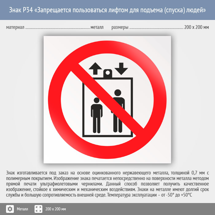 Знак P34 «Запрещается пользоваться лифтом для подъема (спуска) людей» (металл, 200х200 мм) в Химках купить
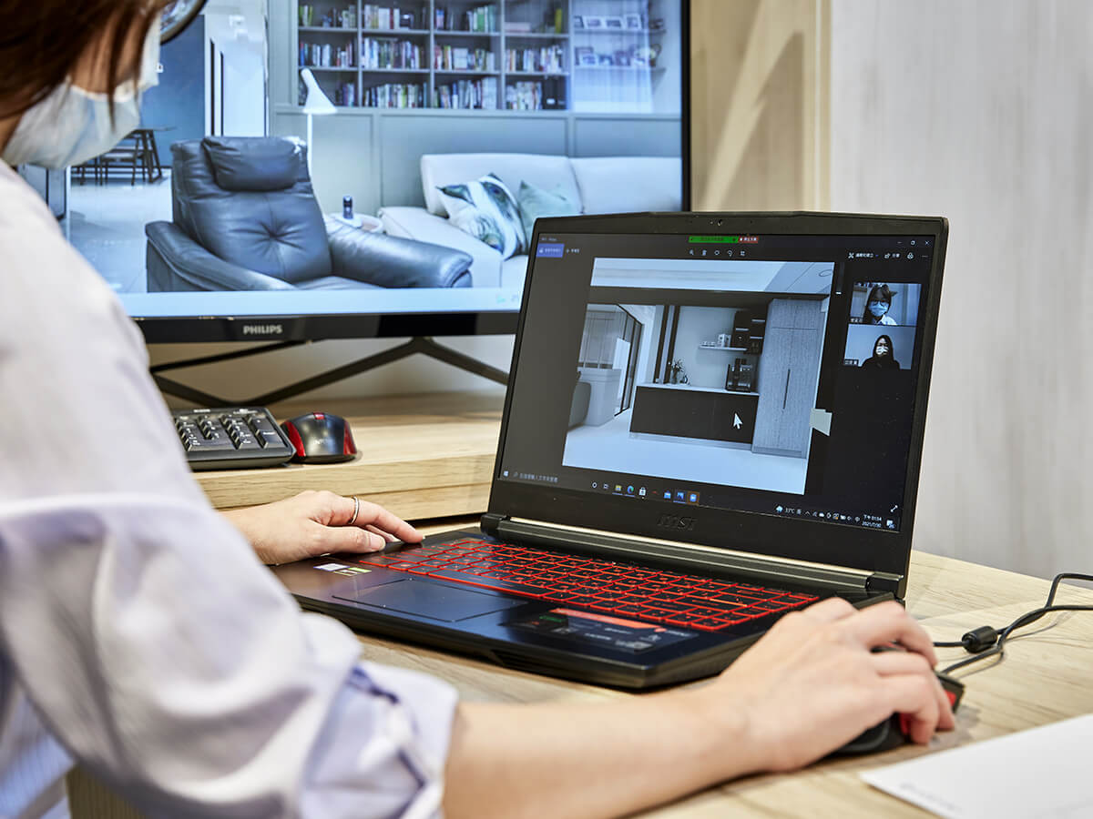 消費者可先在網路上尋找相關資訊,再上線與綠的傢俱客服進行諮詢,使用Line、Google Meet、Zoom等軟體進行討論,不僅可線上看圖、談圖、簽約,甚至連親至施工現場也不用,可由綠的傢俱團隊協助監工。「幾乎高達9成的環節都可在線上進行,消費者只要驗收完成就可入住,因此客戶接受度很高。」
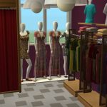 It’s one of those perfect, one stop lots where sims can have fun, buy groceries, and a new outfit all at once! The clothing boutique looks very realistic, and I love the way you put the screen behind the manequins. This is for a challenge right?
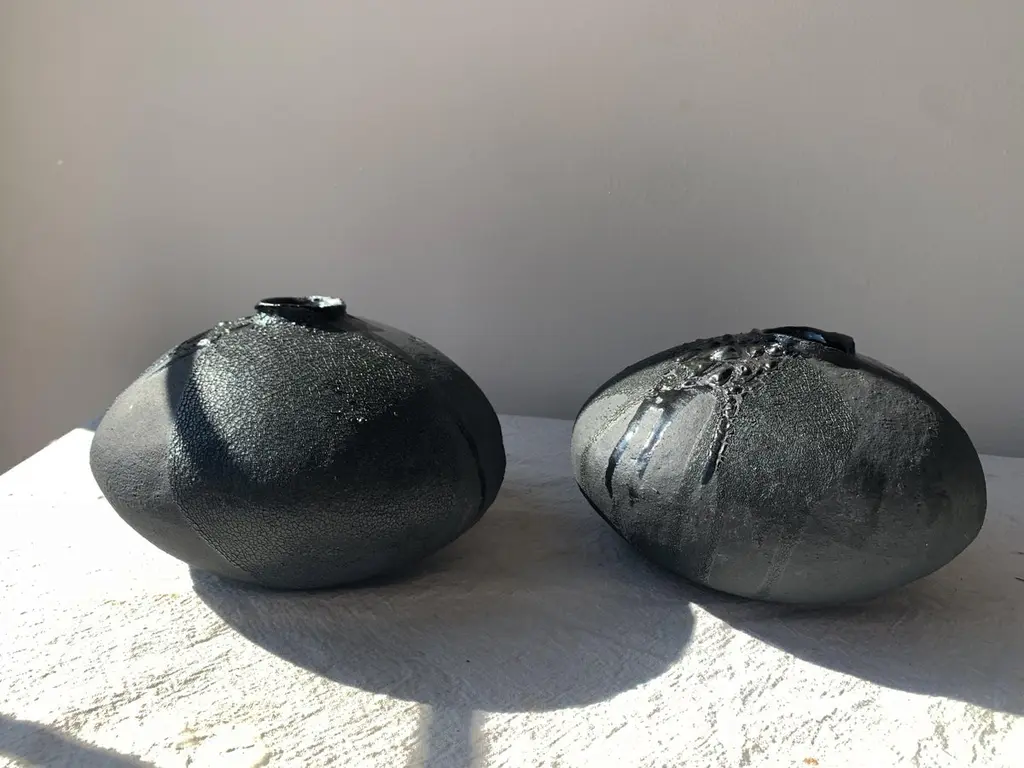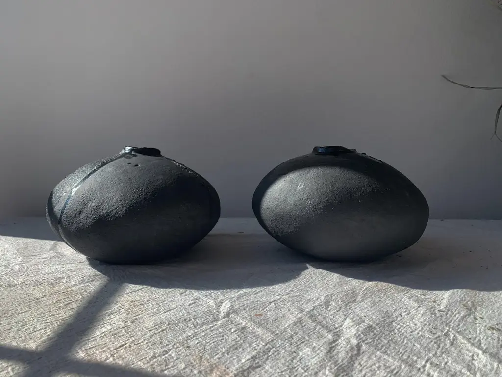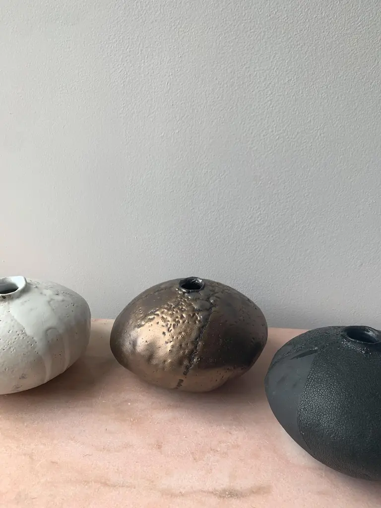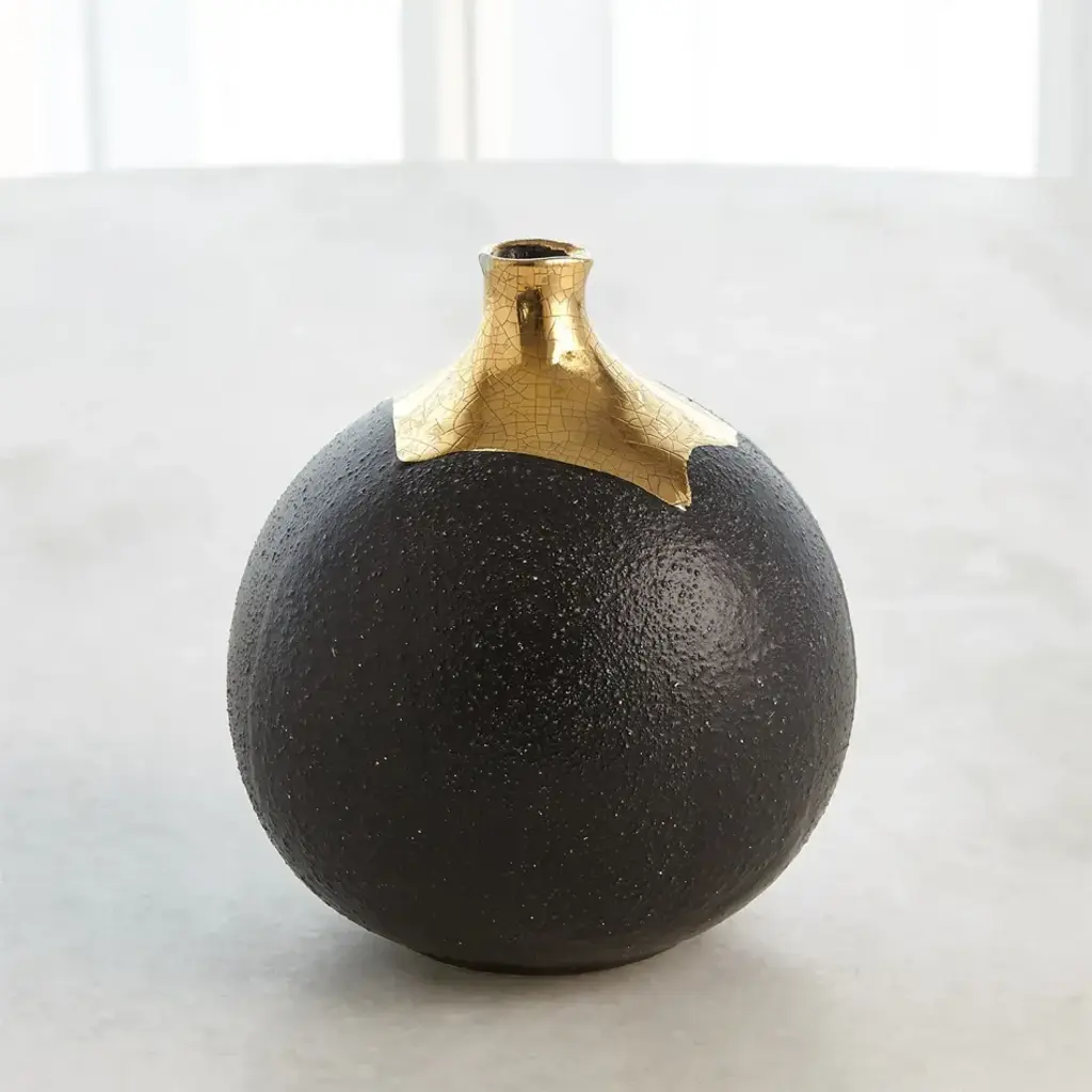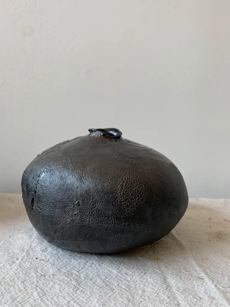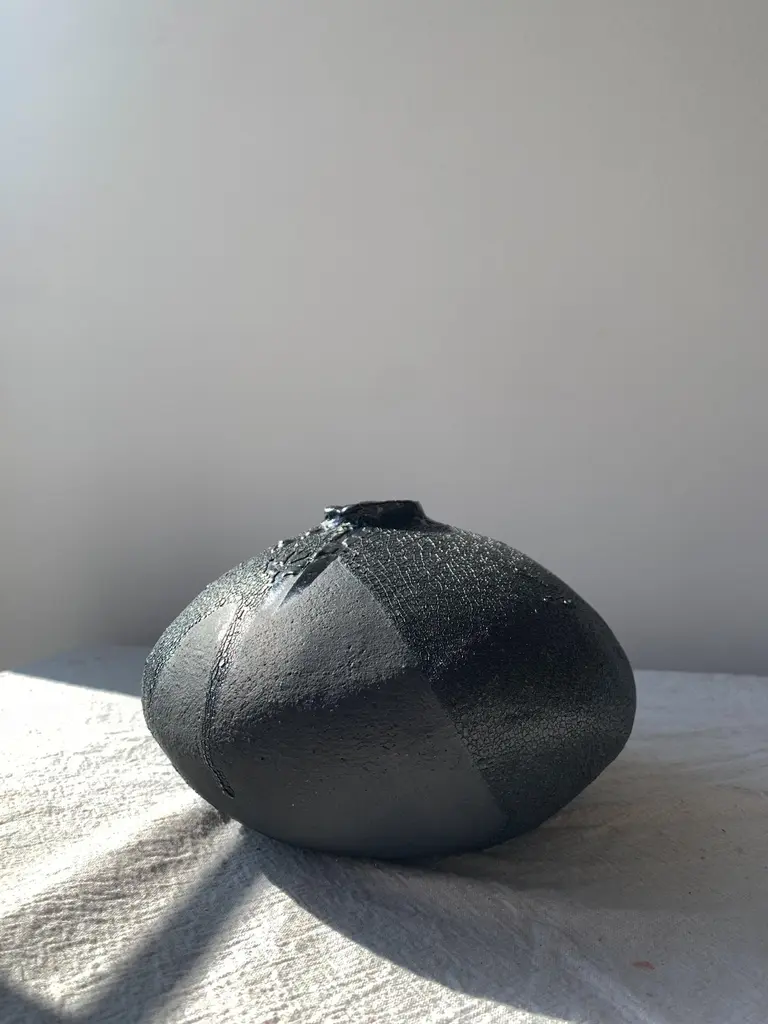 Handbuilt organic modern vase made from a groggy clay body covered in a matte black glaze with layers of glossy and crawling black glaze on top. Each vase is made by hand in our Brooklyn studio, and no two are ever exactly alike. The new moon vase is striking in its simplicity, and has an approximately 2" opening equally suited to one striking branch or a bouquet.
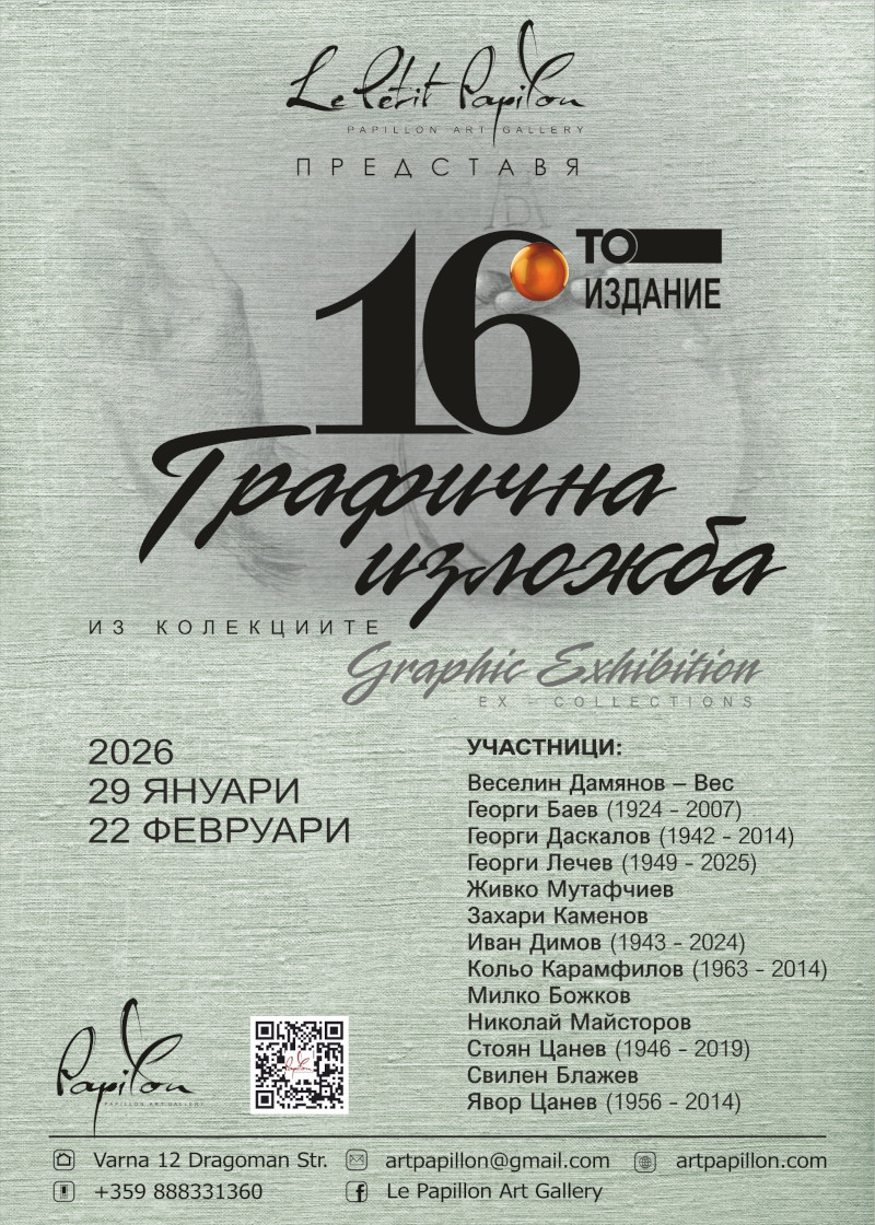 По традиция, всяка година през януари дните в изложбения календар на Арт Галерия Папийон са посветени на почитта към графичното изкуство, с което много български творци засвидетелстват таланта си на международната сцена. Фокусът на селекцията на това 16-то издание „Из колекциите“ от 29-ти януари до 22-ри февруари 2026 е поставен върху утвърдени имена в българското изкуство, отдавна надскочили границите на родината, чийто творби са част от престижни частни колекции в България и в чужбина, предлагани на международни аукциони и влизащи в експозициите на големи европейки галерии.
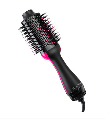 The Revlon One-Step Hair Dryer and Volumizer has an oval brush design that quickly creates volume at the root and full-bodied curls at the ends.
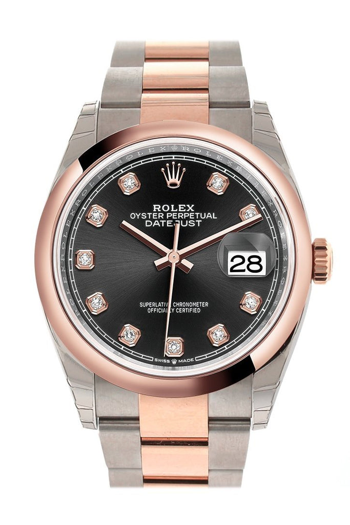 Rolex Datejust 36 Black set with diamonds Dial Dome Rose Gold Two Tone Watch 126201 NP

▶ [TASK ITEM]:
With the pictures left out, write out all of the data exactly.

▶ [ANSWER FOR THE TASK]:
 Знак P34 «Запрещается пользоваться лифтом для подъема (спуска) людей» (металл, 200х200 мм) в Химках купить
 消費者可先在網路上尋找相關資訊,再上線與綠的傢俱客服進行諮詢,使用Line、Google Meet、Zoom等軟體進行討論,不僅可線上看圖、談圖、簽約,甚至連親至施工現場也不用,可由綠的傢俱團隊協助監工。「幾乎高達9成的環節都可在線上進行,消費者只要驗收完成就可入住,因此客戶接受度很高。」
 It’s one of those perfect, one stop lots where sims can have fun, buy groceries, and a new outfit all at once! The clothing boutique looks very realistic, and I love the way you put the screen behind the manequins. This is for a challenge right?
 Handbuilt organic modern vase made from a groggy clay body covered in a matte black glaze with layers of glossy and crawling black glaze on top. Each vase is made by hand in our Brooklyn studio, and no two are ever exactly alike. The new moon vase is striking in its simplicity, and has an approximately 2" opening equally suited to one striking branch or a bouquet.
 По традиция, всяка година през януари дните в изложбения календар на Арт Галерия Папийон са посветени на почитта към графичното изкуство, с което много български творци засвидетелстват таланта си на международната сцена. Фокусът на селекцията на това 16-то издание „Из колекциите“ от 29-ти януари до 22-ри февруари 2026 е поставен върху утвърдени имена в българското изкуство, отдавна надскочили границите на родината, чийто творби са част от престижни частни колекции в България и в чужбина, предлагани на международни аукциони и влизащи в експозициите на големи европейки галерии.
 The Revlon One-Step Hair Dryer and Volumizer has an oval brush design that quickly creates volume at the root and full-bodied curls at the ends.
 Rolex Datejust 36 Black set with diamonds Dial Dome Rose Gold Two Tone Watch 126201 NP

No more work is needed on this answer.